Bu süreç erken yaşlardan itibaren başlar. Özgürlük ve kendine aitlik hakkı henüz anne karnında iken alınır kişinin elinden. Sırası geldiğinde herkesin yaşamaya mecbur kılındığı kurgulanmış yaşamları çocuk yaşlardan itibaren ‘seçmiş ‘oluyoruz sadece. Habermas, rekabet ve performans ölçümlerinin ilkokul çağındaki çocuklara kadar yaygınlaştırdığını söylese de bu marş bugün okul öncesine kadar çekilebilmiştir. Çocuk, okul öncesi eğitimler, kreşler ve benzeri yollarla ebeveynden koparılırken, ailesiyle (içinden geldiği toplumsallıkla) olan kültürel bağından da koparılmış oluyordu. Bu yollarla çocuğun çok daha öncesinden sistemin gelişim sahipleri doğrultusunda şekillendirilip kazanılması hedeflenmişti. Bir insandan en yüksek verimi elde etmenin rasyonaliteye uygun operasyonu da denilebilir buna…

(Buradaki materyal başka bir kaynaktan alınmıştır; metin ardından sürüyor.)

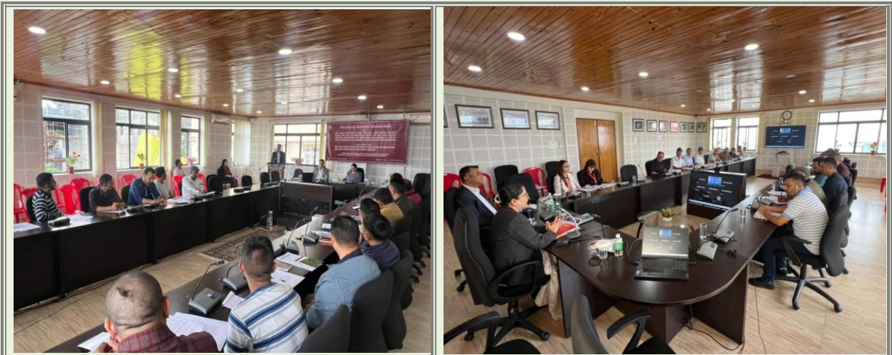
Four-day training programme for para-legal volunteers selected from widows of deceased defence personnel, ex-servicemen or their dependents residing in civilian areas, and spouses or adult children of currently serving defence personnel under the NALSA Scheme for PLVs (Revised), including the module for orientation– induction refresher courses for PLV training at the Office of Sikkim SLA from 17 th to 20 th September 2025, Gangtok District.

Topics deliberated, discussed and educated on were critical aspects of the Juvenile Justice Act, 2015, Schemes of NALSA, property laws, Labour laws, critical aspects of legal framework concerning youth individuals, Equal Remuneration Act, 1976 and free legal aid.

Çocuğu doğuran kadın taşıyıcı anne derecesine düşürülürken, genel olarak ebeveyn, burjuvazinin kendine ait gördüğü çocuğu emanet ettiği bakıcı konumuna düşürülmüştür. Anadan koparılmış, aynı zamanda gelenekten ve toplumsal hafızadan koparılmış demektir. Komünal değerlerin hiçbir koşulda değişmeyen taşıyıcı ana geleneği daha bir erkene alınmış bu ataerkil müdahale ile belki de ilk defa yok edilme riskiyle karşı karşıya bırakılmıştır. Sistem, çocuğun vesayetiyle ilgili konuda yaratan anaya bir nevi şirk koşmaktır. Ailenin çocuğu sisteme kazandırma çabalarında yaşanacak ihmal ve hata payını da ortadan kaldıracak şekilde sistemin bizzat kendisi bu yetiştirme sürecine müdahil oluyordu ilk defa…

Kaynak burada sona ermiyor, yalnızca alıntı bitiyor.